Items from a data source
+-------+

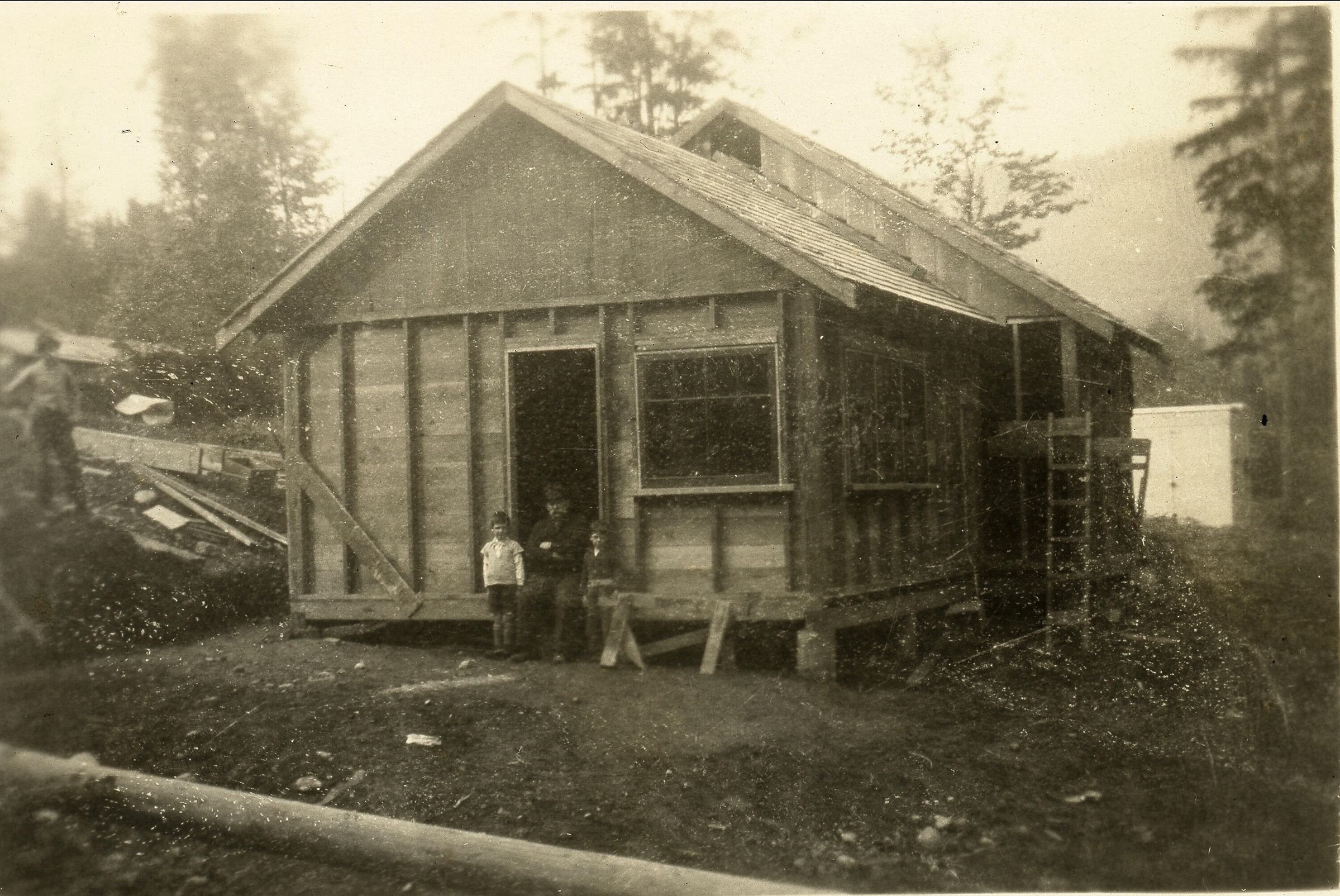 Black and white image looking across the street at Moore Store with 'Coca Cola' sign and House with seperated shed a little bit up from the Store.Collection
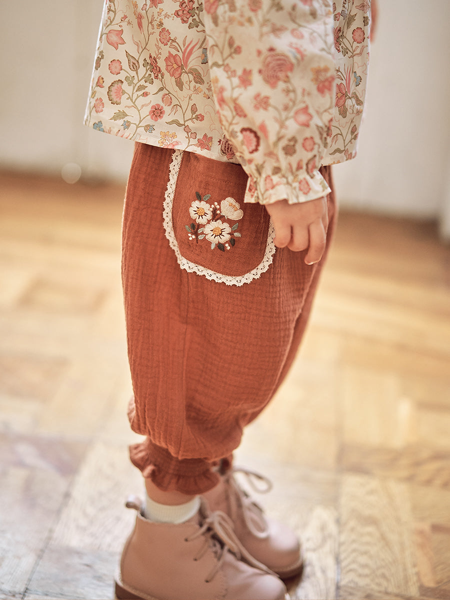 Prisha Embroidered Pants, Primrose Vine Yard Green
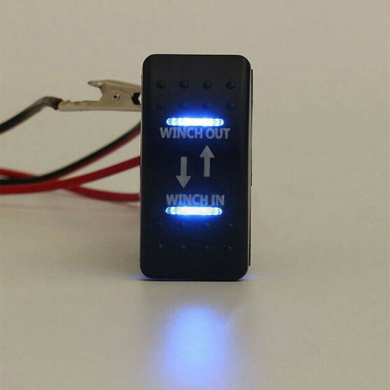 Rocker Switch WINCH IN OUT - Blue - LED 4x4 Boat Caravan Marine 12v 4wd Trailer
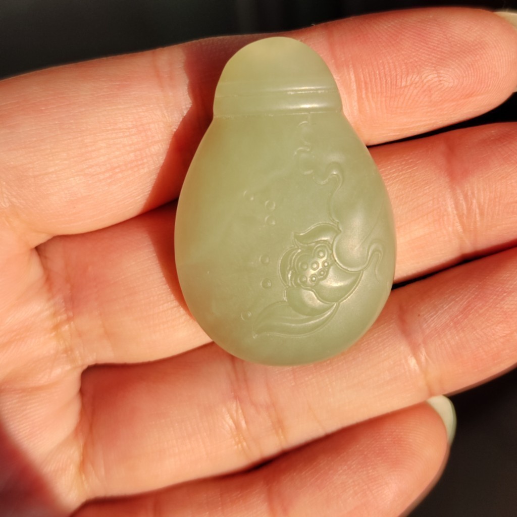 【掛墜擺件】和田玉 青海料 湖水綠 晴水色 荷花圖 雕件 寶瓶 小手把 吊飾 包掛
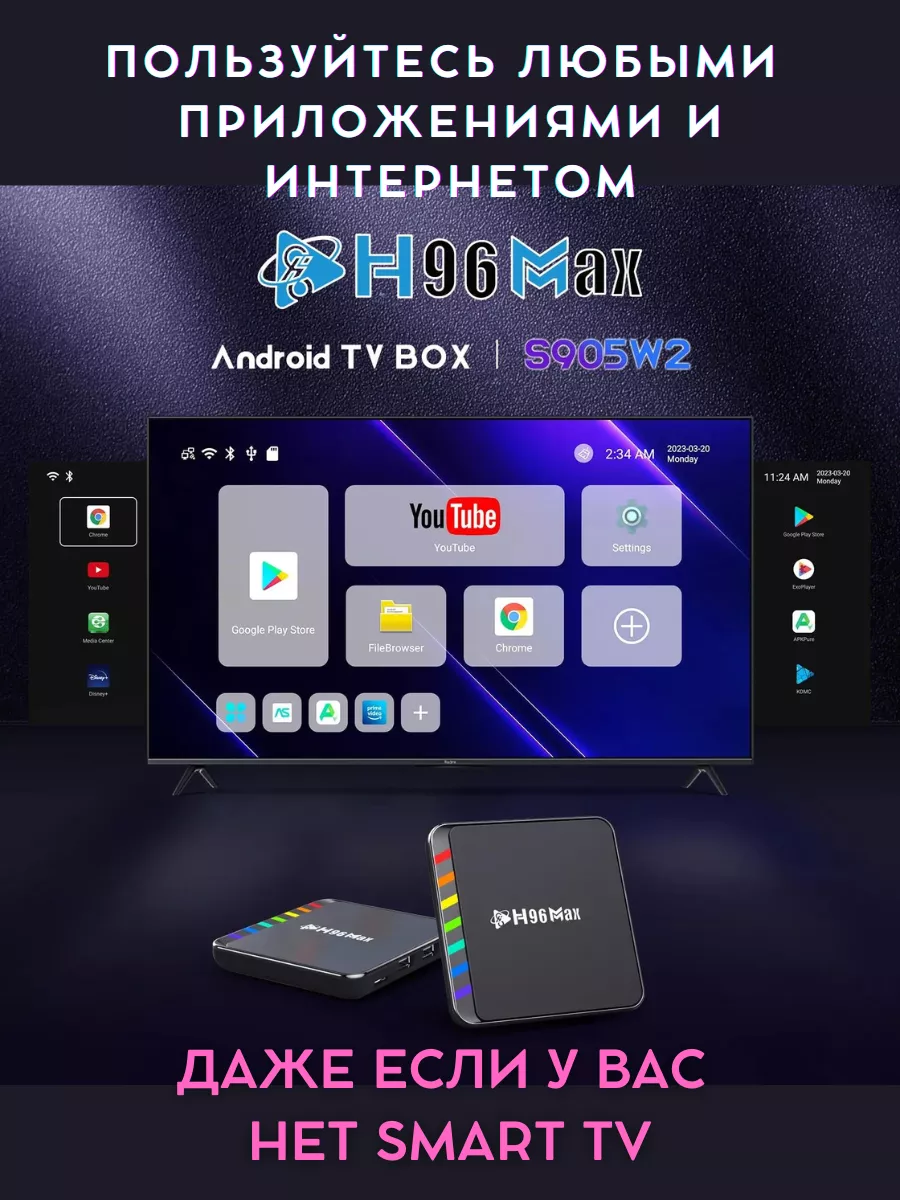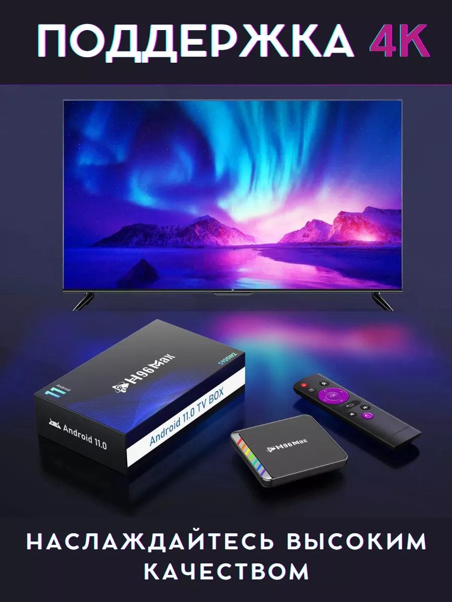 Описание: Смарт ТВ приставка H96max H96 Max с WiFi и Bluetooth для Вашего телевизора. Операционная система Android 11.0 Графический процессор Mail-G31 MP2 Качество изображения 4K Ultra HD позволит насладиться просмотром фильмов в полной мере. Медиаплеер пригодится Вам, если в доме есть интернет и WiFi, но у телевизора нет функции Smart TV. Так же Вы можете смотреть телевидение, абсолютно любые каналы. Смарт приставка для телевизора андроид WiFi пригодится, если у Вас нет кабельного телевидения. Смарт тв приставка для телевизора очень удобна в использовании. Купить приставку смарт тв можно в подарок мужчине, подарок папе, подарок мужу, подарок на день рождения, подарок на Новый год, подарок жене. Медиаплеер H96 Max отличный подарок на любой праздник. Смарт приставка андроид 11.0.

+-------+

- [TO DO] Copy the records exactly as they appear, excluding images.

- [OUTPUT OF THE TASK]
 Black and white image looking across the street at Moore Store with 'Coca Cola' sign and House with seperated shed a little bit up from the Store.Collection
 Prisha Embroidered Pants, Primrose Vine Yard Green
 Rocker Switch WINCH IN OUT - Blue - LED 4x4 Boat Caravan Marine 12v 4wd Trailer
 【掛墜擺件】和田玉 青海料 湖水綠 晴水色 荷花圖 雕件 寶瓶 小手把 吊飾 包掛
 Описание: Смарт ТВ приставка H96max H96 Max с WiFi и Bluetooth для Вашего телевизора. Операционная система Android 11.0 Графический процессор Mail-G31 MP2 Качество изображения 4K Ultra HD позволит насладиться просмотром фильмов в полной мере. Медиаплеер пригодится Вам, если в доме есть интернет и WiFi, но у телевизора нет функции Smart TV. Так же Вы можете смотреть телевидение, абсолютно любые каналы. Смарт приставка для телевизора андроид WiFi пригодится, если у Вас нет кабельного телевидения. Смарт тв приставка для телевизора очень удобна в использовании. Купить приставку смарт тв можно в подарок мужчине, подарок папе, подарок мужу, подарок на день рождения, подарок на Новый год, подарок жене. Медиаплеер H96 Max отличный подарок на любой праздник. Смарт приставка андроид 11.0.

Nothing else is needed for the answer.